Linked-In Q&A: 2SLS Advice

More Linked-In Q&A:

Can anyone give me guidance on performing a two-stage least-squares analysis using Excel, Minitab 15, or Statistica 9?

I’m taking an economics course and am required to perform this analysis, but only have experience in Excel. I’m not certain that Excel can handle this, so I downloaded trial versions of Minitab 15 and Statistica 9 but don’t have much experience with either program. Any guidance or instructions would certainly help. Thanks in advance…

My answer:

First, I will try to summarize what two-stage least squares regression (2SLS) is, for common understanding. 2SLS is a method for regression on models that violate one of the assumptions of standard, ordinary least squares (OLS) regression: recursivity. A path diagram (or equivalent structural equation/simultaneous equation/path equation) is said to be recursive when the causal arrows and error terms are non-looping. Basically, when there are loops in the model, an instrumental variable must be interposed to allow for the application of OLS. The steps are as follows: 1) new dependent or endogenous variables are created to substitute for the original ones, and 2) the regression is computed using OLS, but using the newly created variables, thus circumventing the resursivity constraint. For details on a concrete example, see the first link below.

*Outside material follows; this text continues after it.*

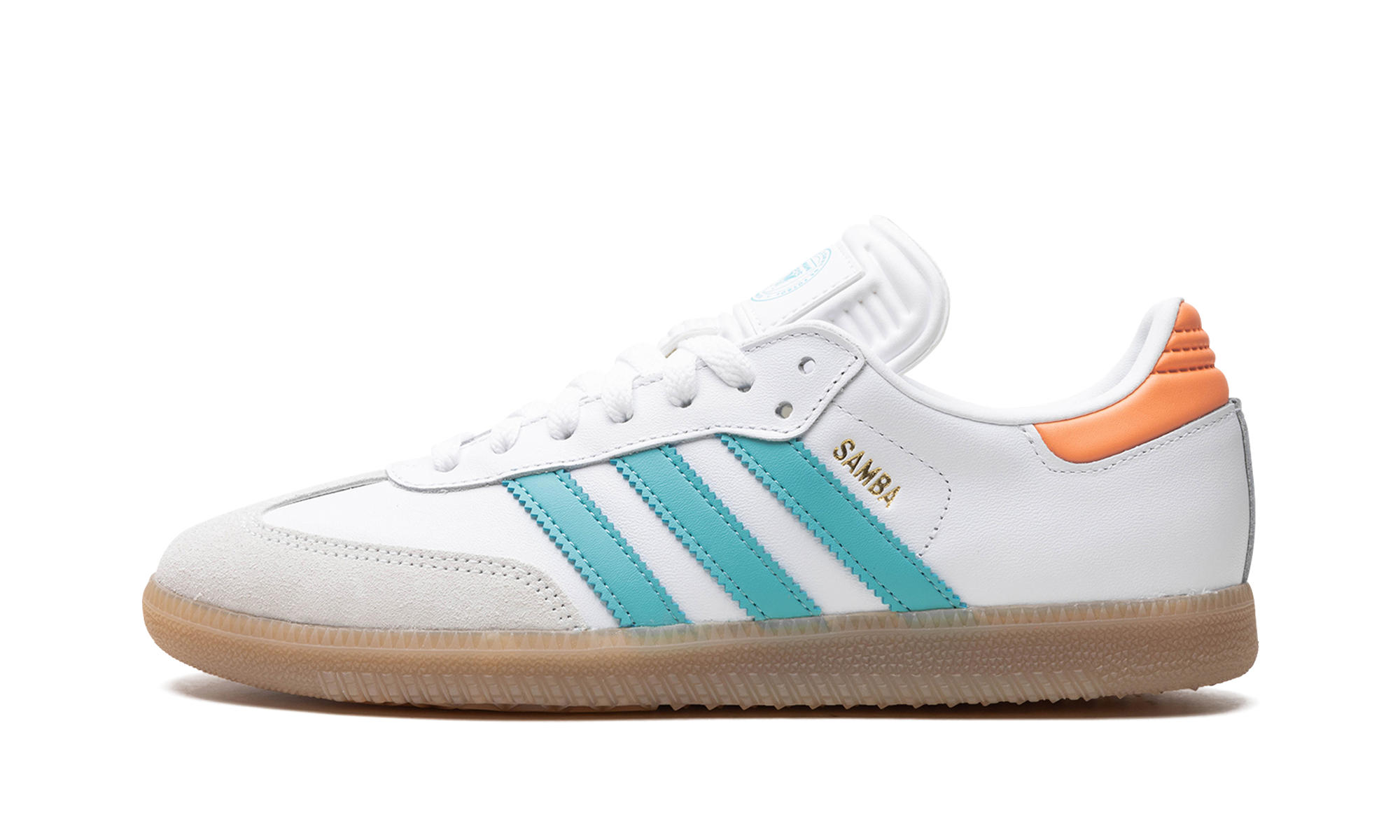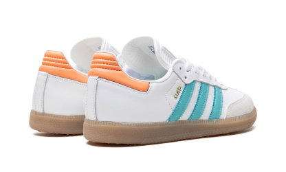The adidas Samba “Inter Miami - Easy Mint/Pink” is a colorway of the popular sneaker inspired by the Major League Soccer team Inter Miami CF. Also said to be inspired by Inter Miami’s star player Lionel Messi, the “Inter Miami - Easy Mint/Pink” features the colors of the Miami-based team on its design. The upper has a white leather construction with Easy Mint leather Three Stripes branding. A gold “Samba” logo appears on the lateral side of the mid-panel, while detailing inspired by Inter Miami is located on the tongue. A semi-translucent, smoky Gum rubber sole completes the look.

By understanding the above in detail, 2SLS can be implemented in any modern-day statistical software (R, Statistica, SPSS), and even Excel with enough programming. So, what to do? Minitab does not appear to have a native 2SLS module, though you should be able to piece together a solution from its capabilities, but that is far from efficient. Apparently, Statistica 9 has an add-on module for handling 2SLS, but I have never used it. I suggest trying to get the 2SLS add-on for Statistica, if possible, or simply download EasyReg (second link below). EasyReg is free for non -commercial use, and has online instructions for ordinary least squares regression (last link below).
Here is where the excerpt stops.